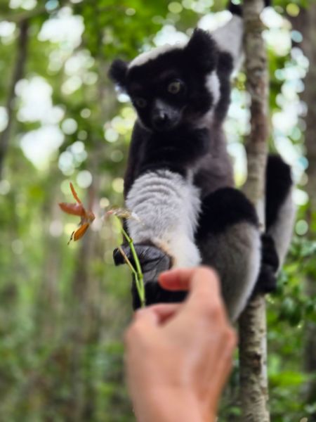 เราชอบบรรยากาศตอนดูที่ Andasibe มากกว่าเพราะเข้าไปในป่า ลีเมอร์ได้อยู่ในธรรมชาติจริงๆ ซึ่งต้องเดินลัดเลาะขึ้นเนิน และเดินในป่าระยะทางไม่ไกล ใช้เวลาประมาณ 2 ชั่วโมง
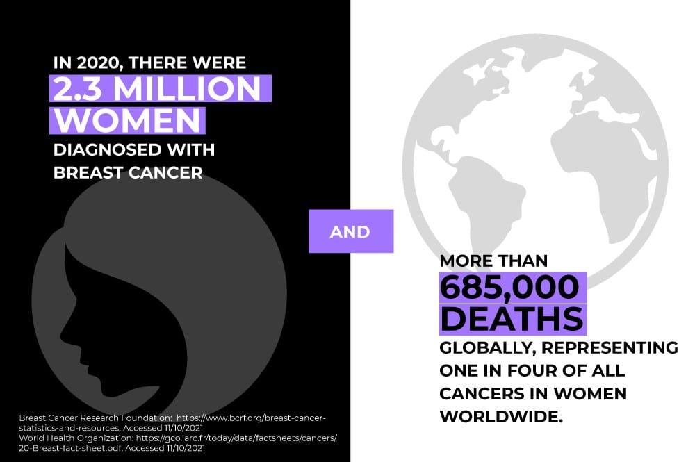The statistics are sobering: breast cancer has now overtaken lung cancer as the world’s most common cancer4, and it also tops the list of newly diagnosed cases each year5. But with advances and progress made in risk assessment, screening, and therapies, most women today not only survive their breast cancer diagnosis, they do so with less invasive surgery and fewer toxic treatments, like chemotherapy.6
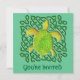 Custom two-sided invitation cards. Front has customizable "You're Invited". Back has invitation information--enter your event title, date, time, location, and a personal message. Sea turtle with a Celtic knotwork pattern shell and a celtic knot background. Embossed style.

==

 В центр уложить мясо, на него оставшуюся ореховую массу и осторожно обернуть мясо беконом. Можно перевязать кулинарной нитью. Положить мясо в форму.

**WORK ITEM:**
Give again the stretch of the entries above that begins at the line with "เราชอบบรรยากาศตอนดูที่ Andasibe มากกว่าเพราะเข้าไปในป่า" and ends at the line with "Custom two-sided invitation", word for word, with no pictures.

**ANSWER SECTION:**
 เราชอบบรรยากาศตอนดูที่ Andasibe มากกว่าเพราะเข้าไปในป่า ลีเมอร์ได้อยู่ในธรรมชาติจริงๆ ซึ่งต้องเดินลัดเลาะขึ้นเนิน และเดินในป่าระยะทางไม่ไกล ใช้เวลาประมาณ 2 ชั่วโมง
The statistics are sobering: breast cancer has now overtaken lung cancer as the world’s most common cancer4, and it also tops the list of newly diagnosed cases each year5. But with advances and progress made in risk assessment, screening, and therapies, most women today not only survive their breast cancer diagnosis, they do so with less invasive surgery and fewer toxic treatments, like chemotherapy.6
 Custom two-sided invitation cards. Front has customizable "You're Invited". Back has invitation information--enter your event title, date, time, location, and a personal message. Sea turtle with a Celtic knotwork pattern shell and a celtic knot background. Embossed style.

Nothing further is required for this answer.